Sceloporus adleri
- Conservation status: Least Concern (IUCN 3.1)

Scientific classification
- Kingdom: Animalia
- Phylum: Chordata
- Class: Reptilia
- Order: Squamata
- Suborder: Iguania
- Family: Phrynosomatidae
- Genus: Sceloporus
- Species: S. adleri
- Binomial name: Sceloporus adleri H.M. Smith & Savitzky, 1974

= Sceloporus adleri =

- Authority: H.M. Smith & Savitzky, 1974
- Conservation status: LC

Species of lizard

Sceloporus adleri, also known commonly as Adler's spiny lizard and el chintete rayado in Mexican Spanish, is a species of lizard in the family Phrynosomatidae.

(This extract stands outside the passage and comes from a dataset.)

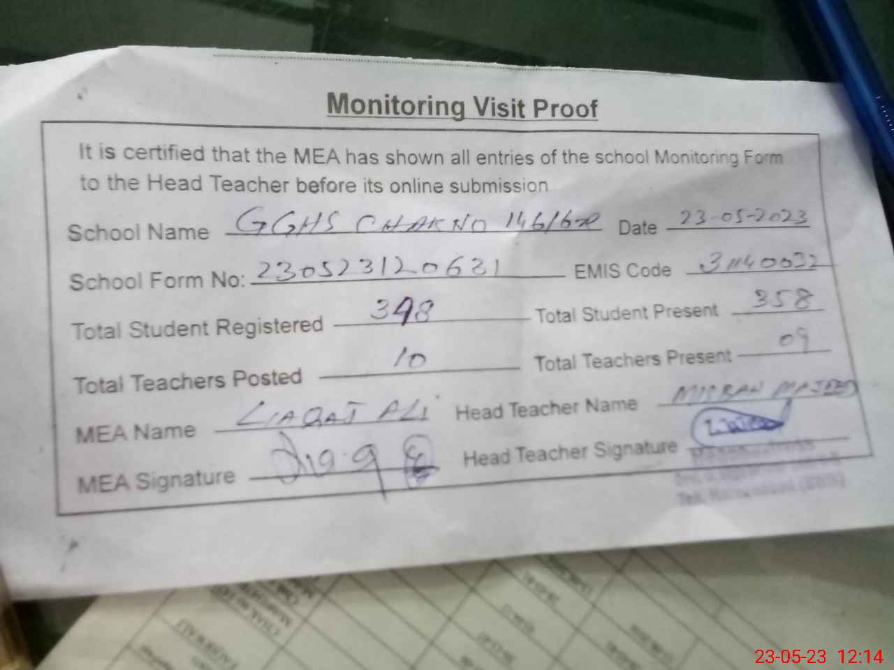 | Attendance Register | Head Teacher | MEA with School | Visit Proof |

The species is endemic to Mexico.

==Etymology==
The specific name, adleri, is in honor of American herpetologist Kraig Kerr Adler.

==Geographic range==
S. adleri is found in the Mexican state of Guerrero.

==Habitat==
The preferred natural habitat of S. adleri is limestone outcrops in forest, but it has also been found on rocks in traditional maize fields.

==Reproduction==
S. adleri is viviparous.

==Taxonomy==
S. adleri is a member of the S. formosus species group.